* Task prompt
An exact transcription of all the data is required; the pictures are to be left out.

* Data below
((

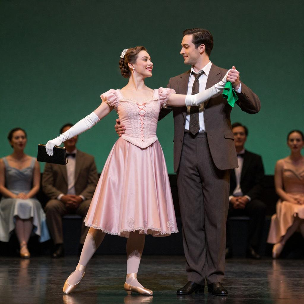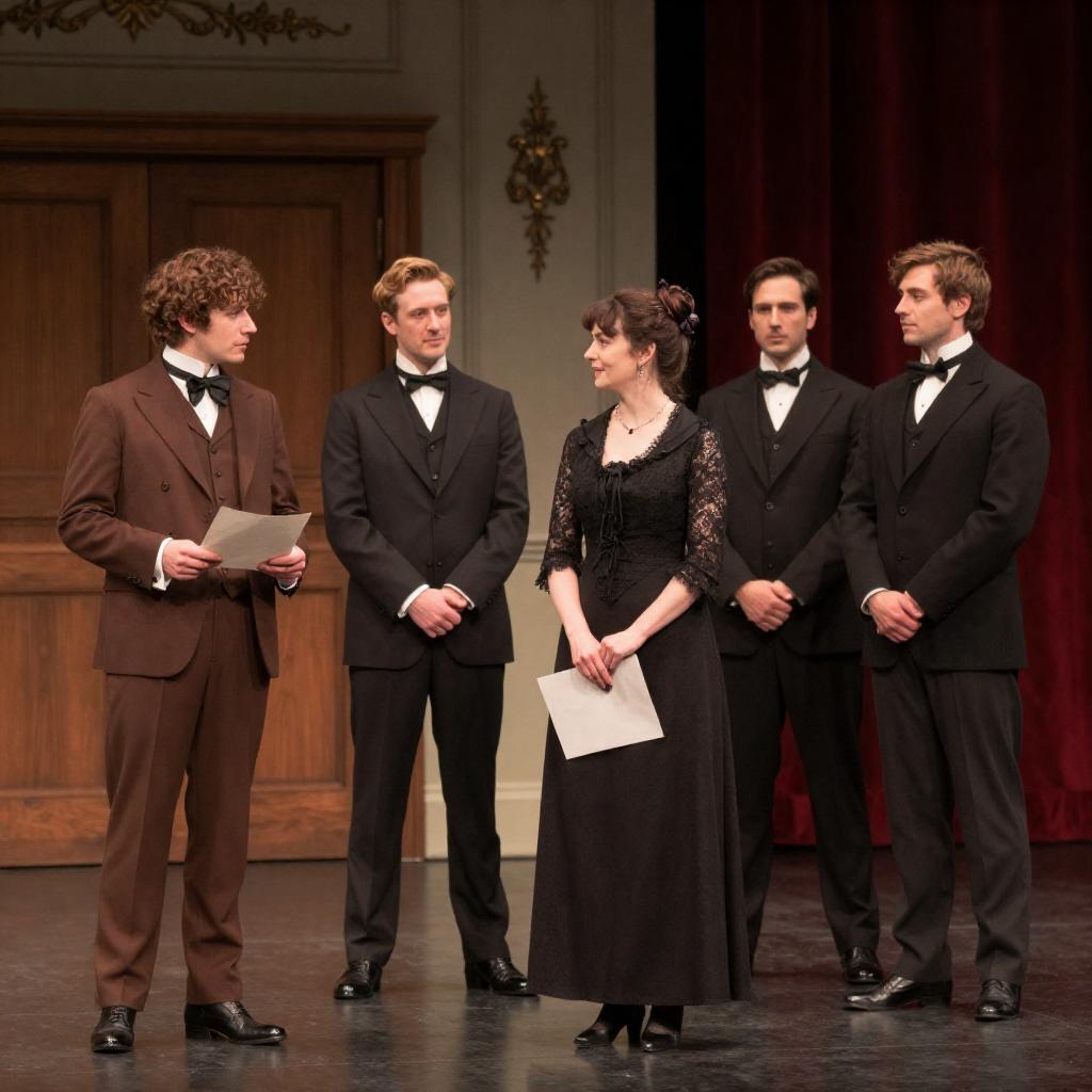Dramatic stage fight between two people in period costumes. Woman in purple dress kicks man in black outfit. Two men observe from background. Grand, classical interior with columns and ornate furniture. Soft, dramatic lighting. Wood floor, scattered papers. Intense expressions.
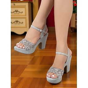 sandali da donna con tacco a blocco e plateau glitterati - scarpe da festa scintillanti con punta aperta e cinturino alla caviglia per la vita notturna e l'abbigliamento da discoteca delle donne
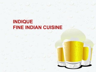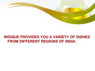 Indique provides an authentic Indian fine dining experience with dishes from various regions of India. The restaurant offers both vegetarian and non-vegetarian appetizers, tandoori delights, dosa, and main courses featuring chicken and vegetarian options. Indian cuisine is recognized for its sophisticated use of spices and herbs, and Indique serves a wide variety of foods from mild to spicy and vegetarian to seafood.

))

* Completed exercise
Dramatic stage fight between two people in period costumes. Woman in purple dress kicks man in black outfit. Two men observe from background. Grand, classical interior with columns and ornate furniture. Soft, dramatic lighting. Wood floor, scattered papers. Intense expressions.
 sandali da donna con tacco a blocco e plateau glitterati - scarpe da festa scintillanti con punta aperta e cinturino alla caviglia per la vita notturna e l'abbigliamento da discoteca delle donne
 Indique provides an authentic Indian fine dining experience with dishes from various regions of India. The restaurant offers both vegetarian and non-vegetarian appetizers, tandoori delights, dosa, and main courses featuring chicken and vegetarian options. Indian cuisine is recognized for its sophisticated use of spices and herbs, and Indique serves a wide variety of foods from mild to spicy and vegetarian to seafood.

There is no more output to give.